Через четверо суток остановились, зажгли костры, на которых бойцы начали гореть. Протянув руки к огню, человек уже не чувствовал, что они горят. Загоралась одежда, и человек сгорал.
На одном из горевших осталось только полваленка, и он уже без сознания брал в руки снег и бросал в огонь. Приказали тушить огни и оттаскивать от них бойцов. Через пятеро суток совсем обессилели, стали падать и мерзнуть.
Ночью остановились, и я тоже обессилел и упал. К счастью, из пяти человек, отправленных мною через линию фронта (трое разведчиков и двое моих), двое вернулись. Из них один мой боец – пожилой светло-русый Зырянов. Он дал мне сухарь – грамма четыре. Я съел и встал.
В это время немцы нас блокировали с двух сторон и открыли огонь. Завязался бой. Собрали у всех последние патроны для группы прикрытия и стали отходить из-под обстрела. Немцы – за нами в преследование. Мы отошли километра два, повернули обратно, обошли отряд немцев и вновь вернулись на это место.
Объявили, что идем на пролом к своим. Была холодная ночь. Перешли железную дорогу недалеко от станции. Видим, у немцев горит громадный костер, как будто дом горит. Немцев много, стоят вокруг него, греются. Мы прошли около них метрах в семидесяти без единого выстрела. От огня они, видимо, не видели нас.
Пришли на свои исходные позиции к Спасской Полисти.
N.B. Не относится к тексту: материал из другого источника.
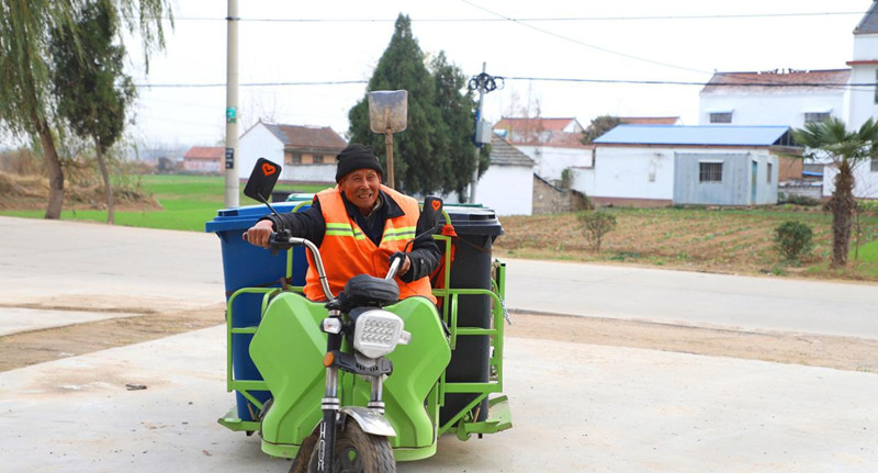 每天早上6:30,龙河村的垃圾分类收集员尹步宽驾驶着垃圾分类收集车逐户收运垃圾,将易腐垃圾运送到“易腐垃圾+厕所粪污”绿色协同处置中心。“每天能收200公斤烂菜叶、剩饭等易腐垃圾。大家会养成习惯的,现在分类好的,还有奖品呢。”尹步宽说。
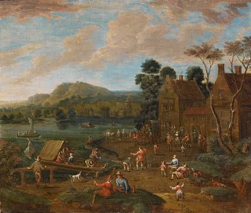 | An extensive river landscape with figures dancing and playing music before a village; and A river landscape with figures departi | |

Сходили за кашей, которой в кухне наварено было много, а нас вернулось мало. Каши ели, кому сколько влезет, хоть два котелка, а Гончарук, большой и тихоповоротный, съел полное ведро каши. Все удивились. А у него все прошло благополучно.
В полку опять оставалось мало, несколько десятков человек. Нас направили на формирование. Комполка поручил мне сопровождать пятерых, слабых и обмороженных. Мы отстали и двигались самостоятельно.
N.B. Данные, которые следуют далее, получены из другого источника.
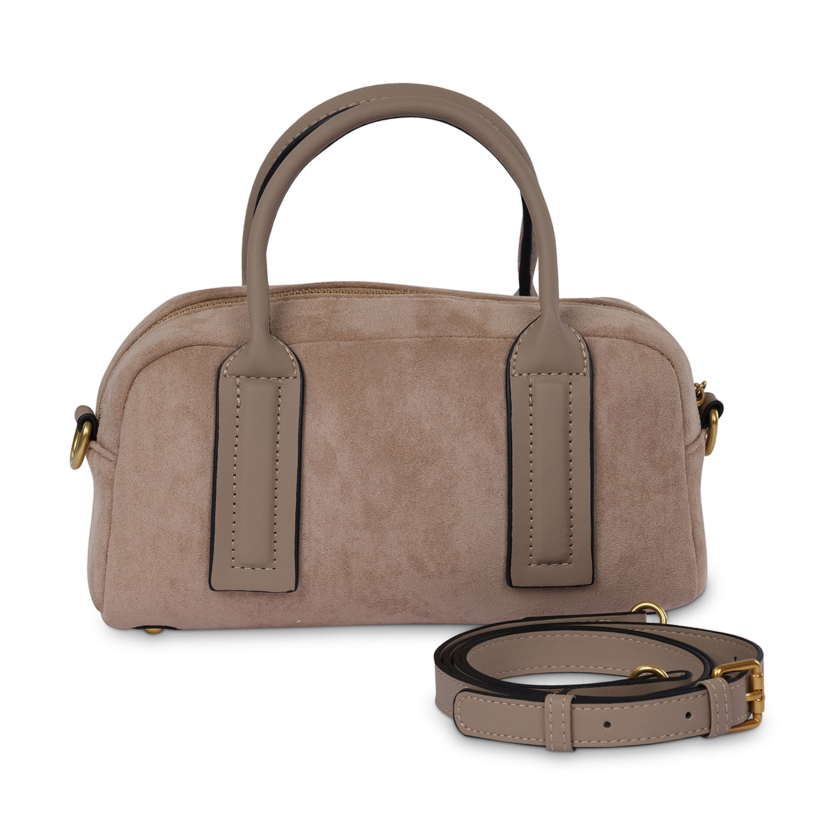 Inspired by timeless design, the 'Milano' duffle is your new go-to for a sophisticated look. This bag is crafted from a soft beige material, accented by classic contrast trim and polished gold-tone hardware. The spacious interior and iconic shape make it a versatile accessory that's both stylish and functional for any outing.

Шли по фронтовым, кое-где разграбленным дорогам. Уже ночь. Видим, в стороне от дороги огонь и шалаш. Зашли. Там живут дорожники – пожилые солдаты, очищающие от снега дороги. Они накормили нас консервным супом. Для нас, не евших супа с лета, он показался деликатесом. Впервые за зиму ночевали не на снежной постели, а в шалаше на ветках, в тишине, как говорят, как в раю.
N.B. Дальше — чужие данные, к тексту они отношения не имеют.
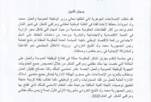 وهي مناسبة لنتقدم بجزيل الشكر للحكومة ممثلة في قطاع الوظيفة العمومية والعمل على المكانة التي خصت بها سلك مفتشي ومراقبي الشغل من خلال تخصيص جميع المندوبيات الجهوية للوظيفة العمومية والعمل الخمسة عشر لمنتسبي السلك وكذا مصالح تفتيش العمل ،ونطالب بالمزيد من الإصلاحات علي مستوى الهيكلة الادارية ليتمكن جميع منتسبي أسلاك الإدارة العامة للعمل من تقلد المسؤوليات والتدرج الوظيفي ،كما نطالب بلفتة كريمة عاجلة لتطبيق توصيات اللجنة الفنية المكلفة بمراجعة ملف النظام الأساسي للسلك الذي افتتح بها رئيس الجمهورية محمد ولد الشيخ الغزواني مأموريته الاولي كأول اصلاح يمس سلك مفتشي ومراقبي الشغل في العام 2020 .

Утром двинулись в поход без всяких продуктов и к вечеру обессилели. Стали просить проходящие машины подвести, но не одна не берет. Тогда Гончарук говорит, я идти не могу, все равно умирать или замерзать, ложусь на дорогу, пускай машина давит. Лег поперек дороги, машина идет, гудит, гудит, а он не встает, лежит. Шофер подъехал вплотную к нему и остановился. Вышел из машины и стал ругаться. Объяснили ему все, и он смирился, посадил нас и довез до станции «Гряды».